Task to carry out>
Beginning with the line containing "Chinese woman wearing" and going on through the line containing "Ø采用EWF<>VOF模型转化工具激活液膜求解过程中两种模型的转化", the lines below are to be returned exactly, pictures excluded and nothing added.

Data provided>

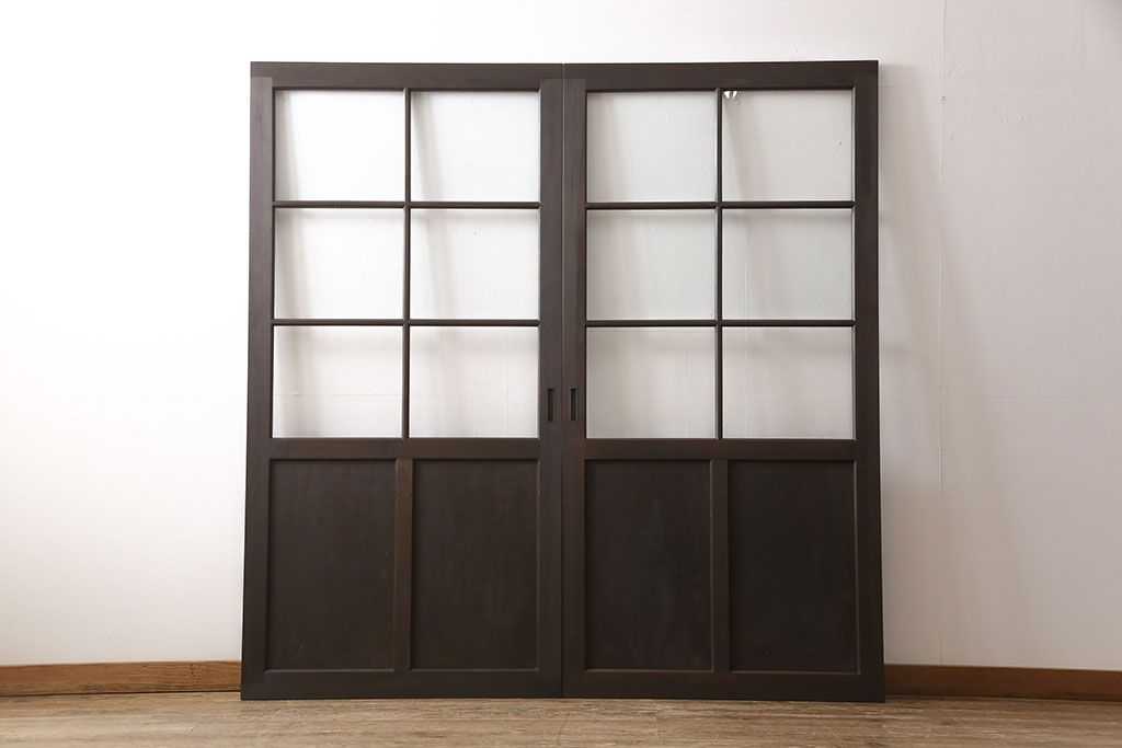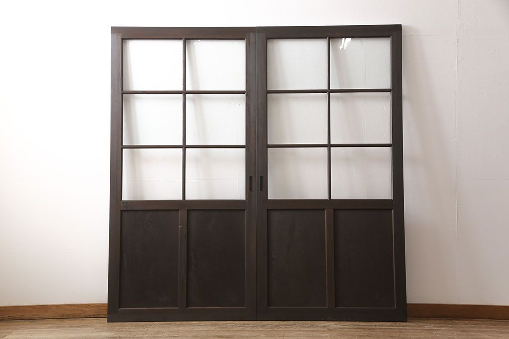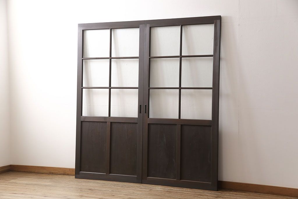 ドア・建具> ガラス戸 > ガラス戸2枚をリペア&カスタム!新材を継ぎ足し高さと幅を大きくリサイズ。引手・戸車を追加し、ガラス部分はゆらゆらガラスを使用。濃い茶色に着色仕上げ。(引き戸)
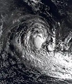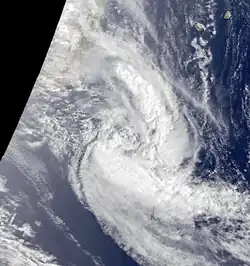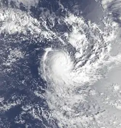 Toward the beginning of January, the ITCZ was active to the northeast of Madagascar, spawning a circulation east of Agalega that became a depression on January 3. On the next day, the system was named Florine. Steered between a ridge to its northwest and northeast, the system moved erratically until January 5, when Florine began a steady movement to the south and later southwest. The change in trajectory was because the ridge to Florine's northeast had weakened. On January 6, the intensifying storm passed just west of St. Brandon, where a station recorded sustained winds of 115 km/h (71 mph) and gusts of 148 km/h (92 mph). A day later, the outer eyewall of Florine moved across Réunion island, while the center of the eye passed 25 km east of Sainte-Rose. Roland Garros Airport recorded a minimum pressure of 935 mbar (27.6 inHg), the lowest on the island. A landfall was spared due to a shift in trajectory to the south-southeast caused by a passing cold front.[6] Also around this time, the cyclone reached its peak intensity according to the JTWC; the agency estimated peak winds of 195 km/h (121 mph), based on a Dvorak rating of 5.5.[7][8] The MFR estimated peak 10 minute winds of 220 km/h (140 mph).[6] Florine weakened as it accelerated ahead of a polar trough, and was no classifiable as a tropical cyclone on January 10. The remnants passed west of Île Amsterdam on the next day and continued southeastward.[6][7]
==
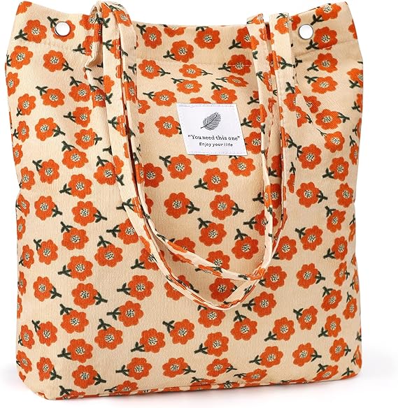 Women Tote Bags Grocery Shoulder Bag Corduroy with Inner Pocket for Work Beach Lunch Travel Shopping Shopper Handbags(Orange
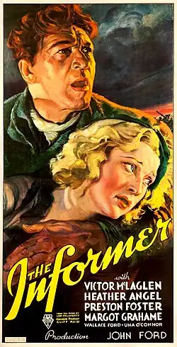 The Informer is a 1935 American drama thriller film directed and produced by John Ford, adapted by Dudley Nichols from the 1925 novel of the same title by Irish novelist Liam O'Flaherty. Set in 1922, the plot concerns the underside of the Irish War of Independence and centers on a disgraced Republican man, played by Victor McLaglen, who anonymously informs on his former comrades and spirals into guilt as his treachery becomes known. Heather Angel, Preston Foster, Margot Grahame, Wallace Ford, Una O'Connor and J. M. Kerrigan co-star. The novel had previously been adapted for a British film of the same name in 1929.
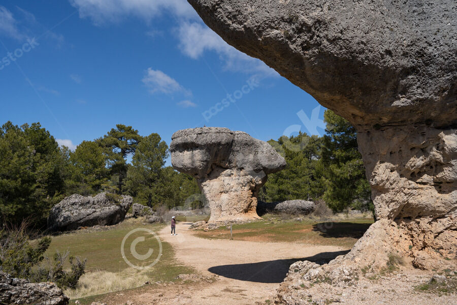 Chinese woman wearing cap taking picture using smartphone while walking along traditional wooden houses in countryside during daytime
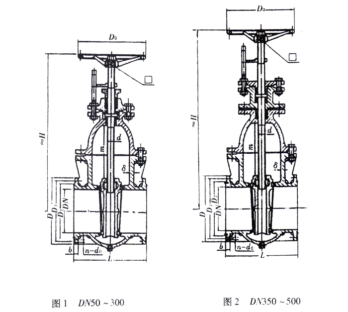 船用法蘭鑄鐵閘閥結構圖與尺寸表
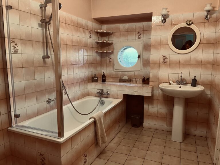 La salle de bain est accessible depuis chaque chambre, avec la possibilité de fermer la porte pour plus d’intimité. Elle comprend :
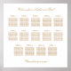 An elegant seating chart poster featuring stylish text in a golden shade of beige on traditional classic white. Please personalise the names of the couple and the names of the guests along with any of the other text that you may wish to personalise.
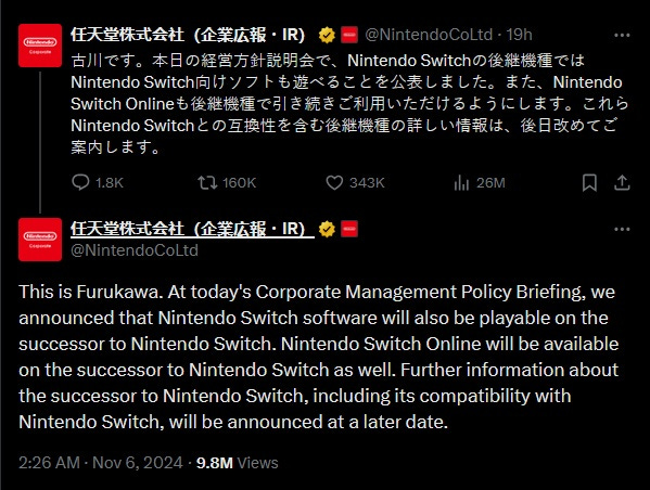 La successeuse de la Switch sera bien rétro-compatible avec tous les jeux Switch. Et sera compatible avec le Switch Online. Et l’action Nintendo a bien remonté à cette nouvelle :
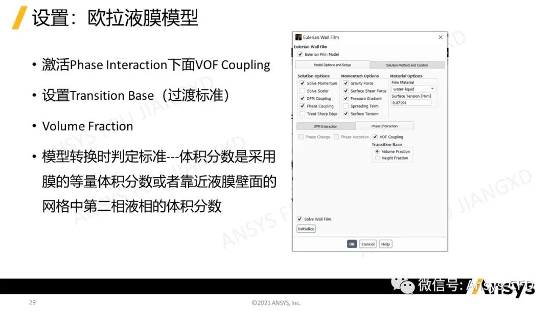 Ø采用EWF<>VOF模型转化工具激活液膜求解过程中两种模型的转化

Response below>
 Chinese woman wearing cap taking picture using smartphone while walking along traditional wooden houses in countryside during daytime
 船用法蘭鑄鐵閘閥結構圖與尺寸表
 La salle de bain est accessible depuis chaque chambre, avec la possibilité de fermer la porte pour plus d’intimité. Elle comprend :
 An elegant seating chart poster featuring stylish text in a golden shade of beige on traditional classic white. Please personalise the names of the couple and the names of the guests along with any of the other text that you may wish to personalise.
 La successeuse de la Switch sera bien rétro-compatible avec tous les jeux Switch. Et sera compatible avec le Switch Online. Et l’action Nintendo a bien remonté à cette nouvelle :
 Ø采用EWF<>VOF模型转化工具激活液膜求解过程中两种模型的转化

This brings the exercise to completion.